Social norms relating to COVID-19 vaccination (perceived vaccination coverage) were measured with the question ‘Do you think most, some, or hardly any people living in your area have been vaccinated for COVID-19?’ In addition, a measure of close contact with someone who had been vaccinated against COVID-19 (lives with someone vaccinated) was collected by asking whether any of the people living with the participant had been vaccinated.

Perceived behavioural control of getting vaccinated against COVID-19 was assessed by summing ‘yes’ responses to four potential access-related barriers as reasons for not yet having been vaccinated: do not have time to go to get vaccinated; do not know where to go to get vaccinated; vaccination site is too far away; and travel costs to the vaccination site are too high. A scale (0–4) for perceived vaccine access barriers was created by summing these four binary measures.

Covariates (baseline: Survey 1)

Demographic measures were age (continuous), gender, race, province of residence and geotype of residence (traditional area/chiefdom, urban area/town, farm/rural area). Socioeconomic variables included education (highest grade completed), household hunger (past 7 days), vehicle ownership and total household income (last month). Experience of COVID-19, which could potentially influence attitudes and beliefs, was captured with two measures: (1) ‘Have you had COVID-19?’ (yes/no); (2) ‘Do you know anyone personally who has died from COVID-19 or gotten very sick with COVID-19?’ (yes/no).

Statistical analysis

We report proportions or mean scores of demographic, socioeconomic status and COVID-19-related variables and assess significant differences in those measures by our primary outcome variables (vaccination intention in Survey 1 and vaccine uptake by Survey 2) using χ2 tests (differences in proportions) and analysis of variance for differences in mean scores.

Factors associated with COVID-19 vaccination intentions

Multivariable ordinary least squares (OLS) regression was used to assess correlates of COVID-19 vaccine intentions at Survey 1. OLS was selected due to ease of interpretation. The binary dependent variable (measured at Survey 1) distinguished individuals who reported wanting to get vaccinated as soon as possible (=1, ie, high intent) from the rest of the sample (=0, ie, lower intent). Independent variables relating to the TPB (measured at Survey 1) included measures of attitudes and beliefs, social norms and perceived behavioural control described above. All models controlled for potential covariates and applied Survey 1 design weights.

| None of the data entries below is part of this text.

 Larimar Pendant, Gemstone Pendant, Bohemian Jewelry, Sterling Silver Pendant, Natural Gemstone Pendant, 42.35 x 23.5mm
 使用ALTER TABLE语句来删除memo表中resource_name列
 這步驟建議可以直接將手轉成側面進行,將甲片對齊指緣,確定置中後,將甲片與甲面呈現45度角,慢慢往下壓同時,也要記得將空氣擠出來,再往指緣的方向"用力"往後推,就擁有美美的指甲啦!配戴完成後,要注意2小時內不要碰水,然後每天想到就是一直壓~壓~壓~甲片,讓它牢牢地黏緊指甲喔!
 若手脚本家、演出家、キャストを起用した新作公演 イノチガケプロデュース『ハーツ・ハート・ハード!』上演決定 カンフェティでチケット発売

For consistency with analyses of predictors of vaccine uptake (below), the sample for this analysis was restricted to the balanced panel (ie, individuals who were interviewed in both Survey 1 and Survey 2). Sensitivity analyses were conducted using the full Survey 1 sample.

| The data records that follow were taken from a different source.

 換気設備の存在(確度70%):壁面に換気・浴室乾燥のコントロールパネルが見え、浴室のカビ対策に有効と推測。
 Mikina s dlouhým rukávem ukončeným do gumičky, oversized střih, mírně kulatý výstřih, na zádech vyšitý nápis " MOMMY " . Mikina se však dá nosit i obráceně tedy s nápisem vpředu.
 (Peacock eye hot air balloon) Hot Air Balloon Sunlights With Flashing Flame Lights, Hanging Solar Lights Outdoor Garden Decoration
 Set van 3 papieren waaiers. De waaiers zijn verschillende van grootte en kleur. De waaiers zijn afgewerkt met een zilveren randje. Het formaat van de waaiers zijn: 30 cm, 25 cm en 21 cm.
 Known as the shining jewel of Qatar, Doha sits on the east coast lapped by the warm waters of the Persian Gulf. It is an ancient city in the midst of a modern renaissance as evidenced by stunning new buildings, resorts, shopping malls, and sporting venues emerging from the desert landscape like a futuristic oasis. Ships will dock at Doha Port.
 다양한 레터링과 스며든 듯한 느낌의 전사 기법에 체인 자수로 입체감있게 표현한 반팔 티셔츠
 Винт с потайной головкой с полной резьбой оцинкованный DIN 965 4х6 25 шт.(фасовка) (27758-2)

Predictors of COVID-19 vaccine uptake

Predictors of vaccine uptake (by Survey 2) were assessed among the balanced panel using multivariable OLS regression with panel weights applied. To assess whether intentions predicted vaccine uptake, we included vaccine intentions as the only independent variable of interest in the model. To assess whether attitudes/beliefs, social norms and perceived behavioural control (independent of intentions) influenced vaccine uptake, these measures were included in a separate model, with the intention measure excluded. We then included all independent variables of interest in the model to assess whether vaccine intentions mediated the effect between attitudes/beliefs, social norms and perceived behavioural control and vaccine uptake.

Subgroup analyses were then conducted by replicating the models of potential predictors of COVID-19 vaccination uptake among two groups with perceptions or beliefs that have been shown to act as barriers to COVID-19 vaccine intentions: (1) those not trusting the safety of the vaccine5 11 12 31–33 and (2) those not believing the vaccine to be effective.14 34 The subgroup analyses aimed to identify factors that could potentially be leveraged to encourage vaccine uptake among individuals with common concerns about the vaccine.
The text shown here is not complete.